Jesus Baptism by John

I’ve always found Christ’s statement to John the Baptist at the time of his baptism to be somewhat enigmatic: “Suffer it to be so for now: for thus it becometh us to fulfil all righteousness” (Matt 3:15). Although I have long understood, in general terms, that Christ was identifying with sinful men through his submission to baptism by John, I also felt there was some deeper significance in Christ’s statement that I was missing.

I am reading several books on the life of Christ in preparation for a class I will be teaching this spring. I found some comments in one that were helpful to me in gaining a deeper appreciation for this event.

By his statement to John about fulfilling all righteousness, Jesus seems to mean that for the purpose of accomplishing his mediatorial work it is necessary for him to be baptized.

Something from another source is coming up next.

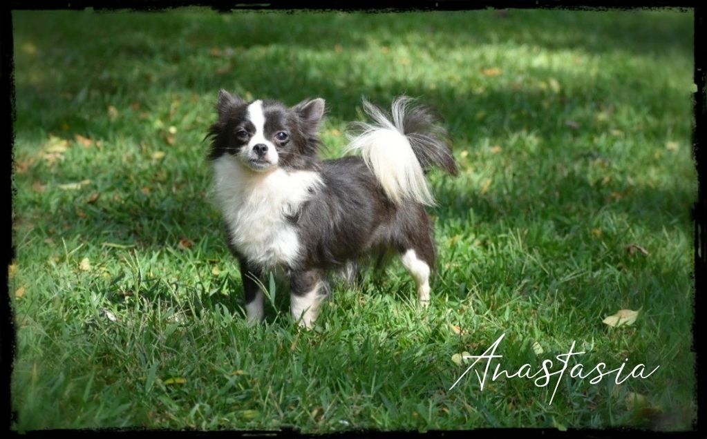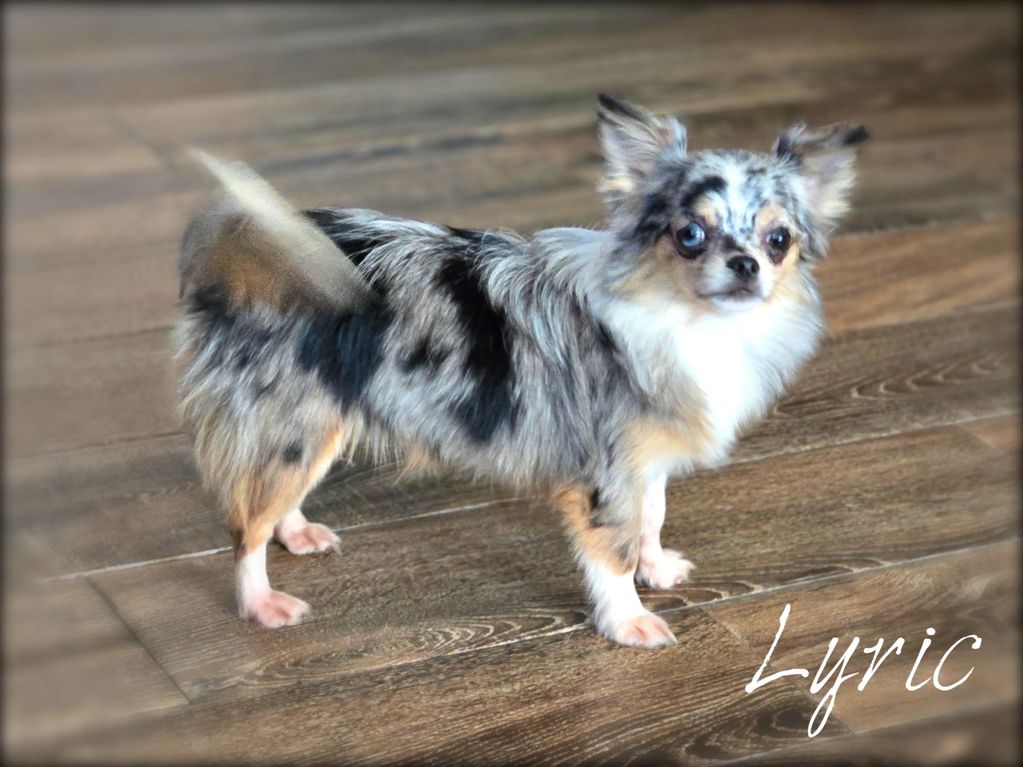 Lyric is one of our silliest girls! She is a long-haired black merle girl with such a sweet and funny personality. She has one ice blue eye that really makes her unique and stand out! She is daughter to our Sugar Baby and Papi. Lyric is registered with CKC. She weighs 5 pounds and has been health tested with Embark.

This must be understood as a deliberate identification of himself with the nation, and so is in line with his birth, circumcision, presentation, and assumption of the yoke of the law. Since John’s baptism was bound up with the forgiveness of sins (Mk. 1:4), and no personal sin is involved in Jesus’ case, the conclusion is fairly obvious that the baptism was the first public step taken in the direction of bearing the sins of the people. . . .
Later developments in the gospel story reveal that our Lord’s conception of the baptism moved along this vicarious line. His experience at the Jordan meant more to him than a consecration to his ministry. “I have a baptism to be baptized with: and how I am constrained (or hemmed in) until it is accomplished!” (Lk. 12:50). He was anticipating the baptism of blood that came to him at the cross. Again, in dealing with the sons of Zebedee he linked his baptism of the future with the cup he must drink then applied both of them to these two disciples (Mk. 10:38-39). They would share his suffering.  Clearly baptism is associated with death. Jesus seems to have been the first one to state a connection between these two items, and in stating it he revealed his understanding of his own experience of baptism. The teaching of the early church followed this same pattern, depicting Jesus as coming both by water (baptism by John) and blood (the death of the cross) (1 Jn. 5:6), and also coupling baptism and death in the case of the believer as the ground of his sanctification (Rom. 6:3). . . . [Everett F. Harrison, A Short Life of Christ. Grand Rapids, MI: Wm. B. Eerdmans Publishing Co., 1968. pp. 74-75.]

The whole chapter—indeed, the whole book— is helpful.